What you need to do >>
Which lines run from the one containing "Alice in Wonderland" to the end of the material below? Copy them exactly, pictures excluded.

*** Information shown Section Begins ***

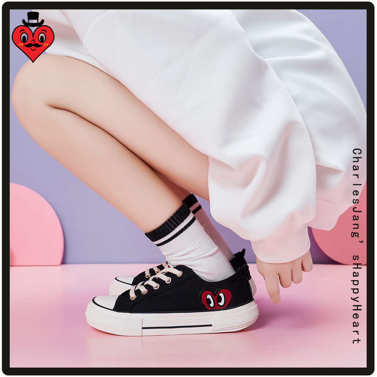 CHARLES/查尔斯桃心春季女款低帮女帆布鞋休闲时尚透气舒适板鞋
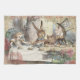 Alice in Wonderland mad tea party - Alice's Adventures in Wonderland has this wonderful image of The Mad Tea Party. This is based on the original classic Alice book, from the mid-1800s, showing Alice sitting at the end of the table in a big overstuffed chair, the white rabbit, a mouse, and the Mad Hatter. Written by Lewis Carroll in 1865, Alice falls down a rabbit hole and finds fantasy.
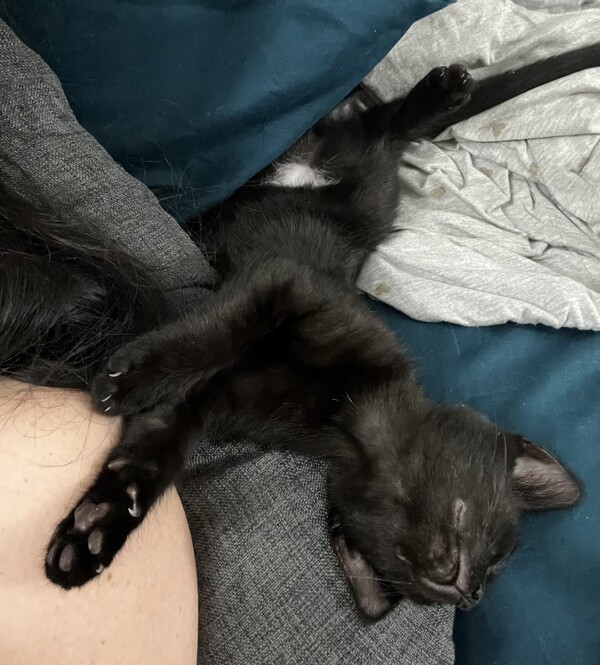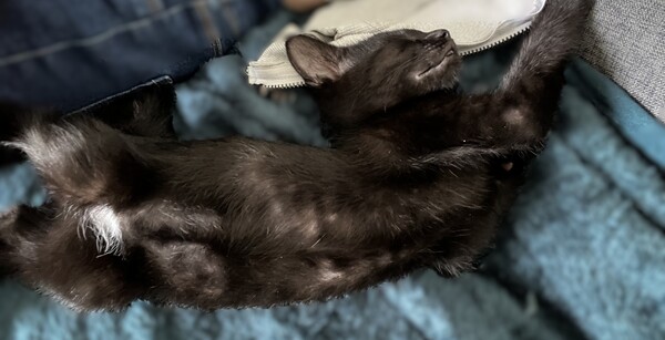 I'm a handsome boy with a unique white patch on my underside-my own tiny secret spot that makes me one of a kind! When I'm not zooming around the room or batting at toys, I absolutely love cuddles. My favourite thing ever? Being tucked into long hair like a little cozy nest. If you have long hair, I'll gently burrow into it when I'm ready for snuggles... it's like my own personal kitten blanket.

*** Information shown Section Ends ***

Output below >>
 Alice in Wonderland mad tea party - Alice's Adventures in Wonderland has this wonderful image of The Mad Tea Party. This is based on the original classic Alice book, from the mid-1800s, showing Alice sitting at the end of the table in a big overstuffed chair, the white rabbit, a mouse, and the Mad Hatter. Written by Lewis Carroll in 1865, Alice falls down a rabbit hole and finds fantasy.
 I'm a handsome boy with a unique white patch on my underside-my own tiny secret spot that makes me one of a kind! When I'm not zooming around the room or batting at toys, I absolutely love cuddles. My favourite thing ever? Being tucked into long hair like a little cozy nest. If you have long hair, I'll gently burrow into it when I'm ready for snuggles... it's like my own personal kitten blanket.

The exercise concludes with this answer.